>>

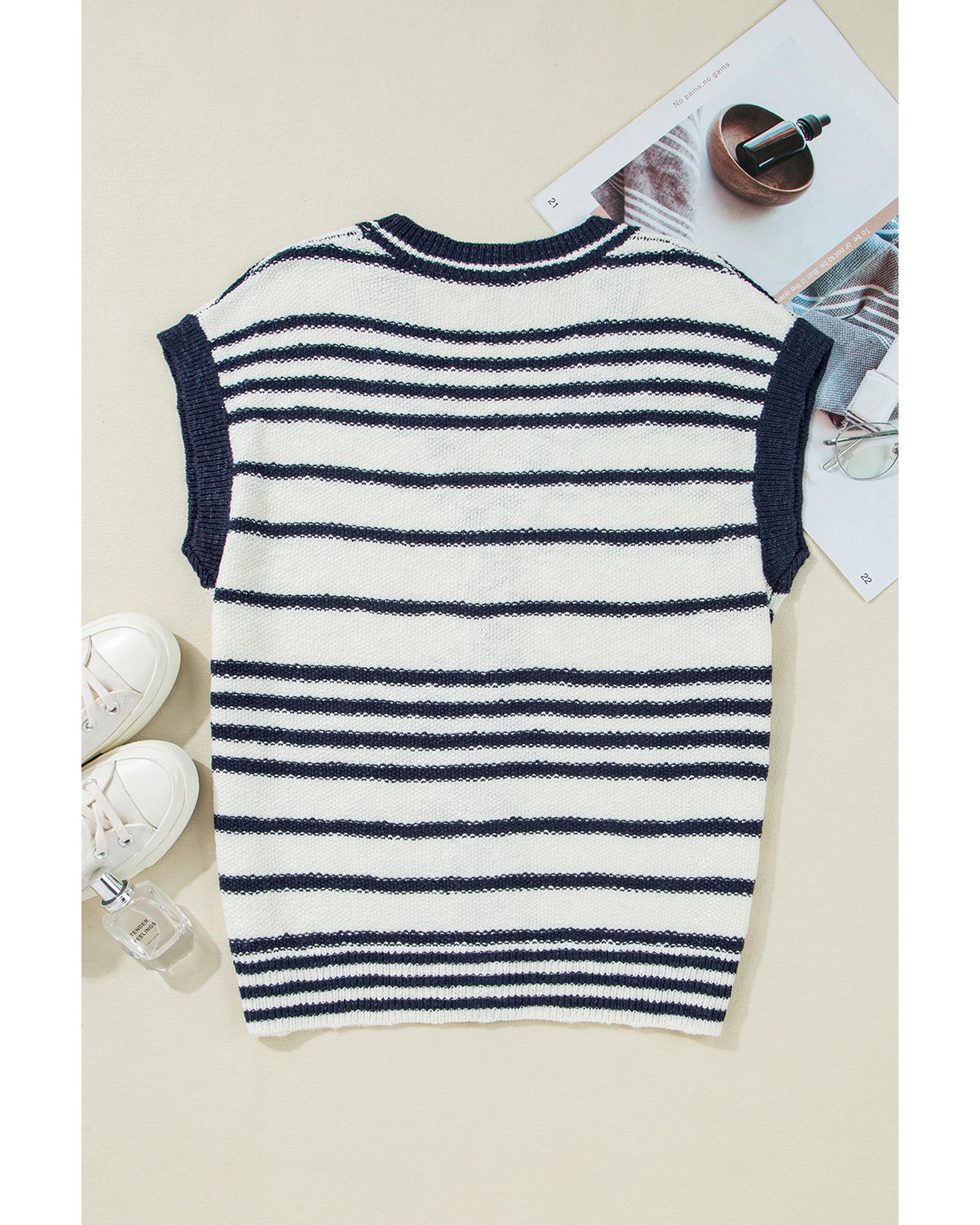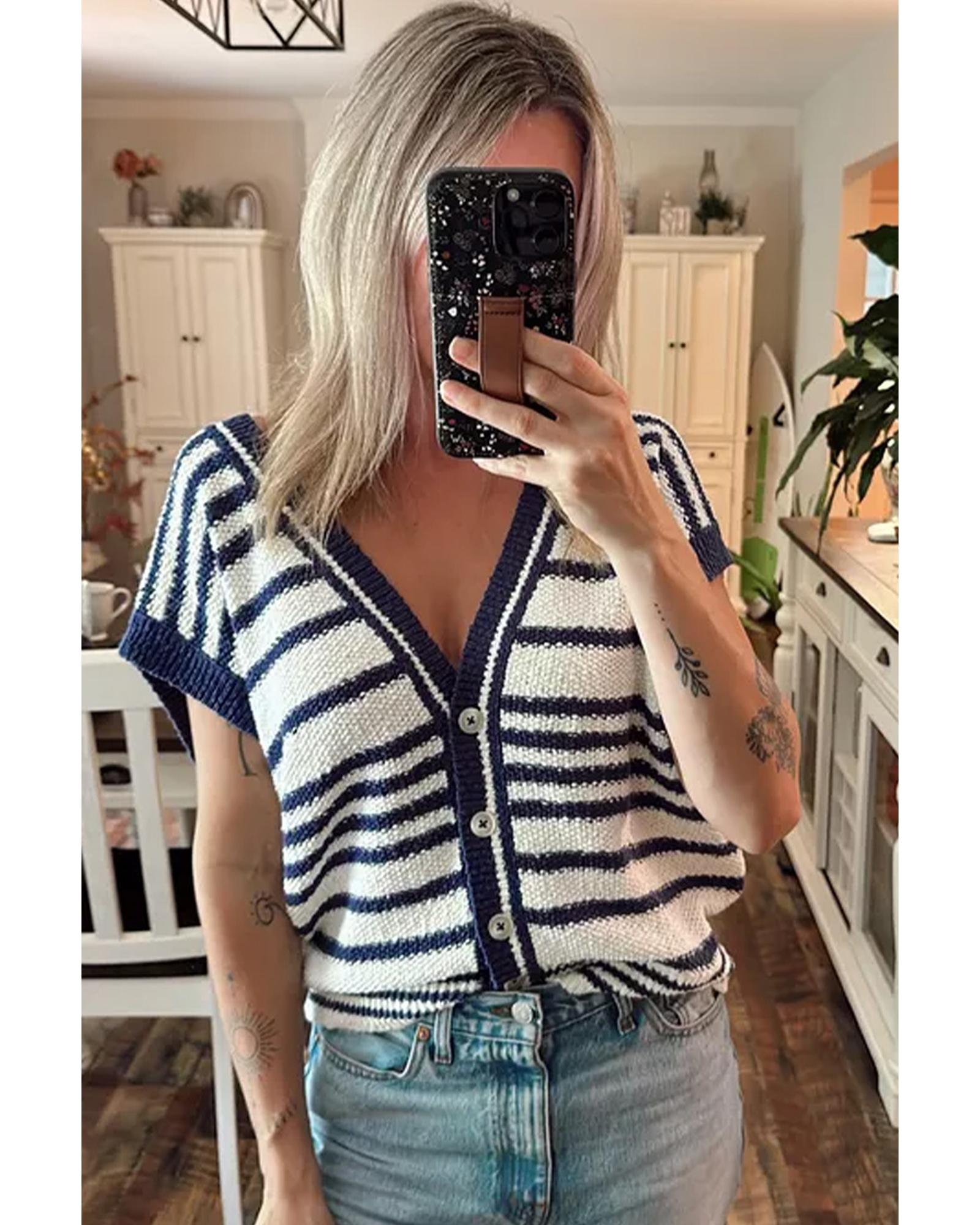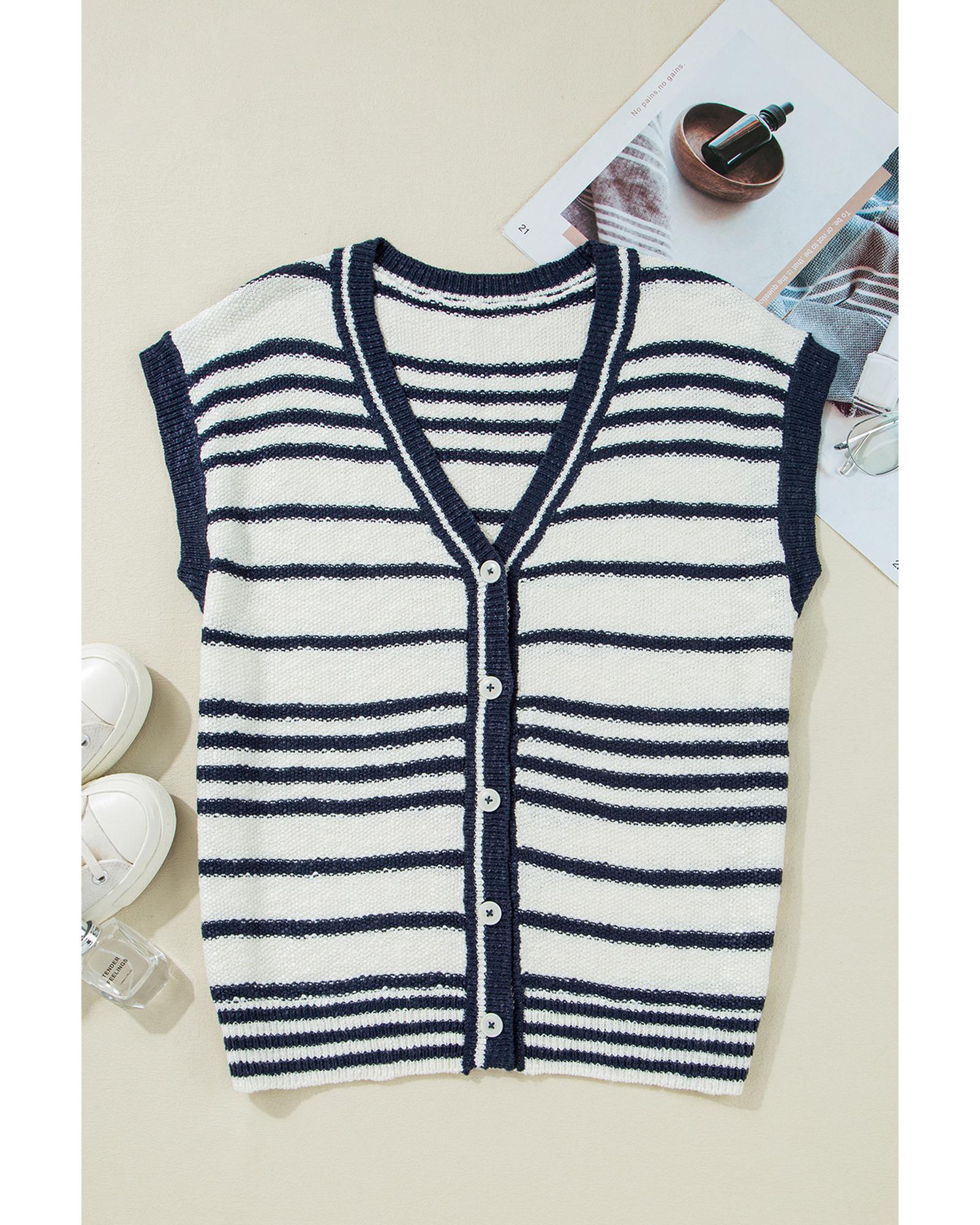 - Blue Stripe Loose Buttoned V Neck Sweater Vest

<<
>>

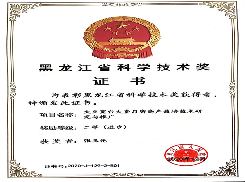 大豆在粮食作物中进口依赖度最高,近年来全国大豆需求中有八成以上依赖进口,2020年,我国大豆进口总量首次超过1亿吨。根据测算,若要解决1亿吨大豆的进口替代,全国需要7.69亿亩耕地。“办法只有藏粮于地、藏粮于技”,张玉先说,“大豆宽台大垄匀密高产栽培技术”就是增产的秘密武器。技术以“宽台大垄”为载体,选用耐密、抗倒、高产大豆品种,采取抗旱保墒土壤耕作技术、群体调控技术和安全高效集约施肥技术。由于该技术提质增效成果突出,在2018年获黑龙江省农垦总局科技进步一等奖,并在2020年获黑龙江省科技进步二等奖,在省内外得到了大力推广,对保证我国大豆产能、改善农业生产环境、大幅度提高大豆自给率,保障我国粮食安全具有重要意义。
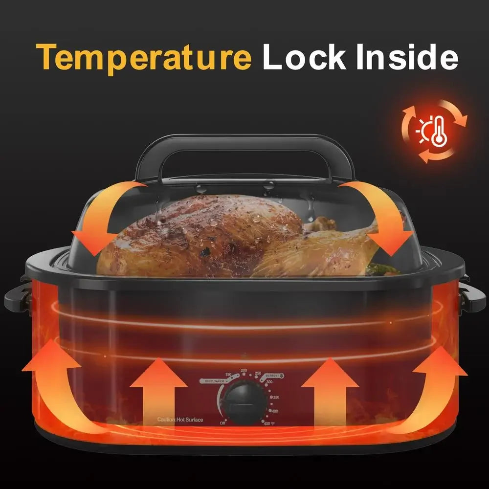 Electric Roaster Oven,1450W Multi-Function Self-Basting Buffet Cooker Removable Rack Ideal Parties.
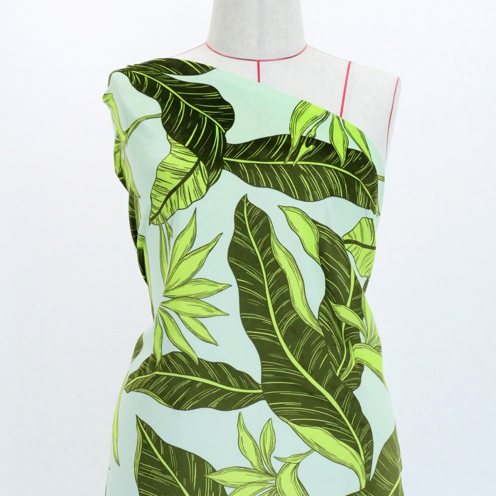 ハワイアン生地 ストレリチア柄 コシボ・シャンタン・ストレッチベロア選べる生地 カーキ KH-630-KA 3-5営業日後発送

<<

• [Exercise prompt]: The reply should hold exactly the lines above, starting at the line with "Electric Roaster Oven,1450W" and ending at the line with "ハワイアン生地 ストレリチア柄 コシボ・シャンタン・ストレッチベロア選べる生地", and no pictures.

• [Output of the task]:
 Electric Roaster Oven,1450W Multi-Function Self-Basting Buffet Cooker Removable Rack Ideal Parties.
 ハワイアン生地 ストレリチア柄 コシボ・シャンタン・ストレッチベロア選べる生地 カーキ KH-630-KA 3-5営業日後発送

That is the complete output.